***** Information supplied

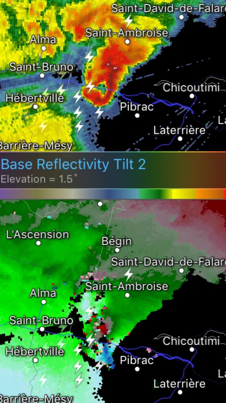 Regardons un peu la tornade vue par le radar maintenant. Le radar du Saguenay est situé près de Lac Castor à environ 50/60 kilomètres de l’événement. À cette distance la hauteur du faisceau radar en mode « tilt 1 » qui est le plus bas est de 600-700 mètres de hauteur (2000-2300 pieds). Pour le « tilt 2 », on parle d’une hauteur de 1600-1700 mètres (5250-5600 pieds).
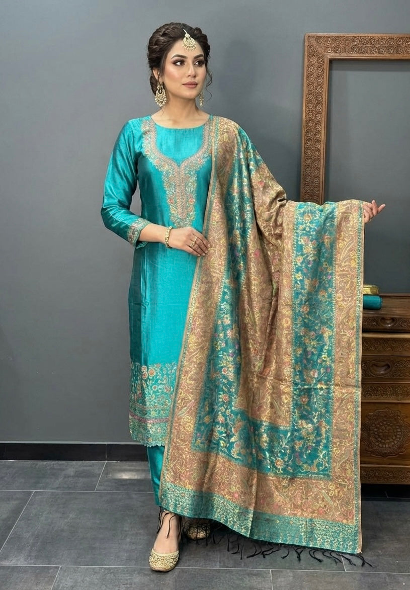 • Shirt: Approx. 3 meters, pure Kani silk with fine handwork on the front & sleeves
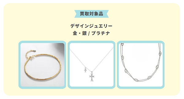 買取ジュエルの先払い買取サービスの取扱商品はデザインジュエリー・金・銀・プラチナになります。

**********

## Aim of the exercise
Once the images are removed, print the remaining data exactly as it appears above.

## Response box
 Regardons un peu la tornade vue par le radar maintenant. Le radar du Saguenay est situé près de Lac Castor à environ 50/60 kilomètres de l’événement. À cette distance la hauteur du faisceau radar en mode « tilt 1 » qui est le plus bas est de 600-700 mètres de hauteur (2000-2300 pieds). Pour le « tilt 2 », on parle d’une hauteur de 1600-1700 mètres (5250-5600 pieds).
 • Shirt: Approx. 3 meters, pure Kani silk with fine handwork on the front & sleeves
 買取ジュエルの先払い買取サービスの取扱商品はデザインジュエリー・金・銀・プラチナになります。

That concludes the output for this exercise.